Usually I try to write a blog that hits on key scenes or themes of the novel as a whole, but it wouldn’t feel right to leave my Heathcliff trilogy incomplete. So here is yet another blog about Heathcliff.
As you probably know from my last two blogs, I don’t like Heathcliff as a person. I find him manipulative, obsessive, vindictive and abusive. I wanted so badly to hate, and I would have been justified if I did as his actions certainly merit some hatred. Yet by the end of Wuthering Heights I found myself sympathizing with him despite his abhorrent actions. It’s definitely not because as the novel went on Heathcliff actions became less repulsive; he went from mental abuse to physical abuse to holding Catherine and Nelly hostage. I think my sympathy for him stems from the consistency in his motivations and actions. Everything he does; every thought, every action, every word, can be traced back to his horrible, unhealthy, obsessive, yet heartfelt and sincere love for Catherine Earnshaw. I will admit that sometimes it takes a rather circuitous route to get there, but it always comes back to her.
It was honestly disturbing how he does everything because of his love for Catherine, especially when it came to his action with her daughter. He hates her for all that she represents. She’s gotten must of her features from Edgar not Catherine, reminding Heathcliff that Catherine did not chose him. Yet she looks and acts just enough like Catherine to constantly remind him of what he’s lost. While I disapprove of Heathcliff’s actions, stripping her of her property, forcing her out of her house, and blackmailing her into marriage, I can sympathize with him because I can recognize all the pain she represents to him.

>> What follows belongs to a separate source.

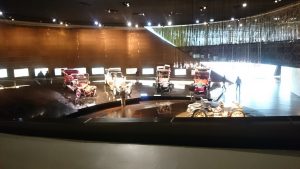 メルセデスベンツのミュージアムはすごいです。まず建築がとても素晴らしく、展示物が自動車産業の歴史を語り、クラッシュテスト(?)のキャビンがあったりで、誰が行っても面白いように作られています。素晴らしい。
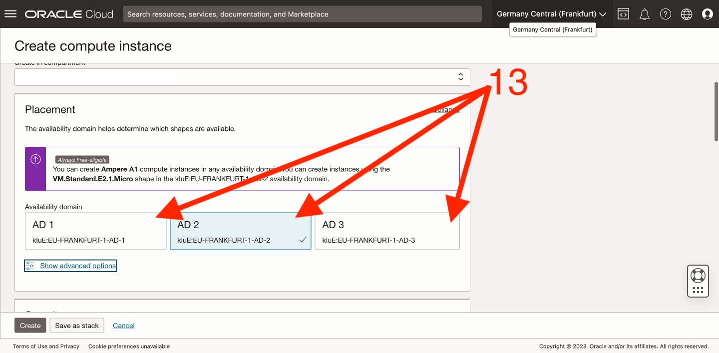 W sekcji Placement decydujemy, w której Domenie utworzymy naszą maszynę [13]. Jeżeli wcześniej jako region wybraliśmy Frankfurt to będziemy tutaj mieli trzy domeny do wyboru. Wydaje mi się, że nie ma większego znaczenia, którą wybierzemy. Istnieje natomiast szansa, że będziemy musieli później wrócić do tego miejsca i zmienić domenę, bo podczas finalizacji tworzenia instancji może nam wyskoczyć błąd, że w tej, którą akurat wybraliśmy nie ma już wolnych maszyn o wybranych przez nas parametrach. Wtedy z np. AD-2 zmieniamy na AD-3 i próbujemy jeszcze raz.

The moment, however, that garnered the most sympathy from me was when Heathcliff came back to Wuthering Heights to the sight of Hareton and Catherine sitting together as she teaches him to read. When they look up at his approach he is struck by how much they resembled Catherine Earnshaw. They both had her eyes, and their mannerisms and “mental faculties” bore a striking resemblance to hers. He goes onto to tell Nelly how he sees Catherine everywhere in them and the house, and that he has to remind his very heart to beat and lungs to breathe when he remembers she’s not with him. Catherine was his whole life. Catherine defined him. Catherine was him. It doesn’t excuse his actions – I don’t think anything really can – but it does bring clarity to them and reminded me of the genuine “love” Heathcliff had for Catherine before it morphed into something much more vengful and obsessive.

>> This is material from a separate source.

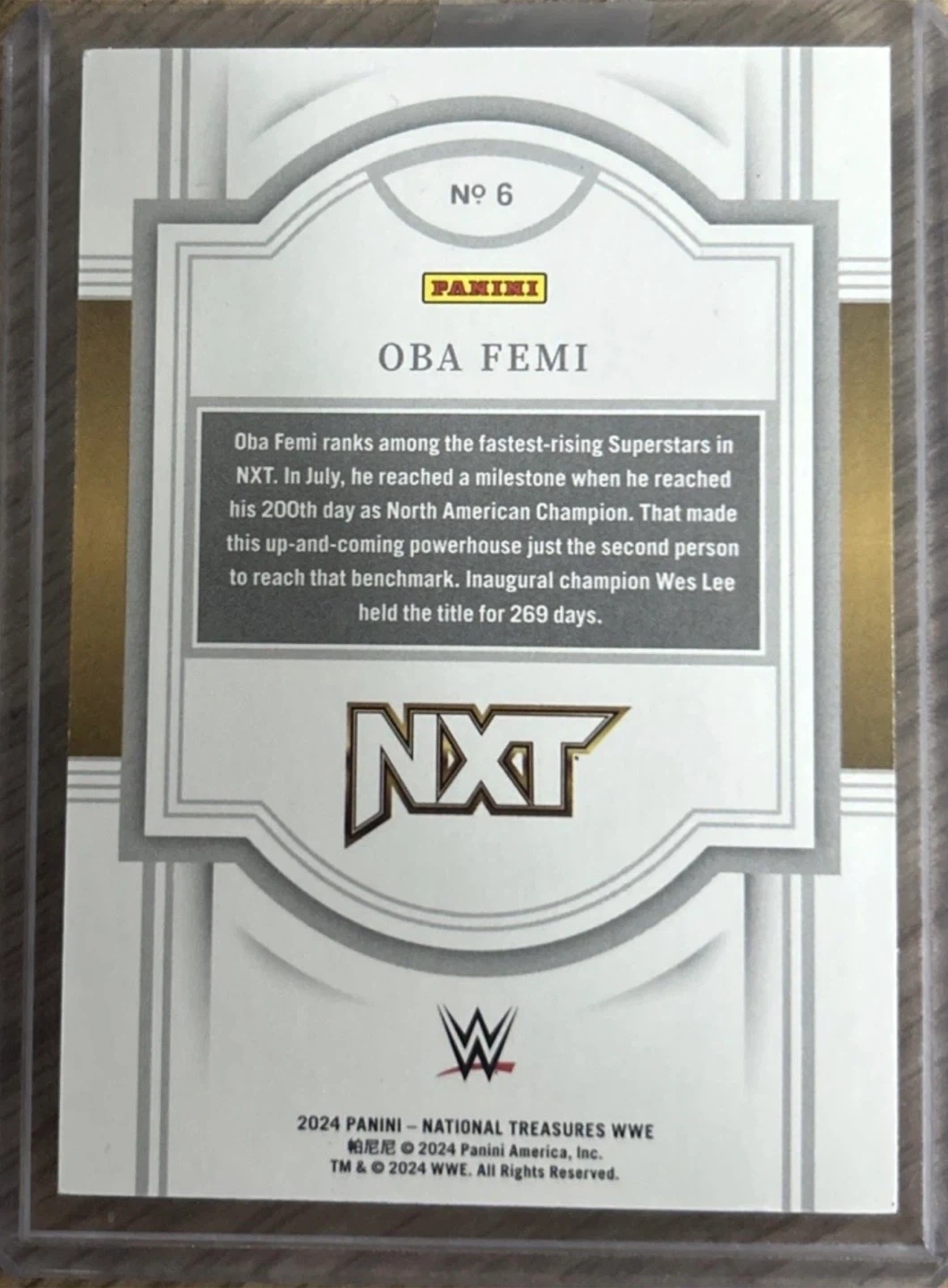 This is a 2024 Panini National Treasures WWE trading card featuring Oba Femi. It's his rookie card and is numbered 53 out of 99. The card details his career milestones within NXT.

When Heathcliff finally dies it’s not a peacefull picture that Nelly presents us with; in fact, it’s rather ghastly. Heathcliff’s eyes are wide open, his mouth is pulled into a sneer, and his teeth are sharp and white, yet on his face is a look of exultation, as he is finally reunited with her in death. It’s a perfect snapshot of his entire relationship with Catherine. It’s a ghastly and horrible thing to behold, but there’s a true joy and devotion in it as well.
Heathcliff was truly an awful person and, yet, I understand his actions and find myself hoping that in death he can achieve what he couldn’t in life – reunification with his childhood friend and love Catherine Earnshaw.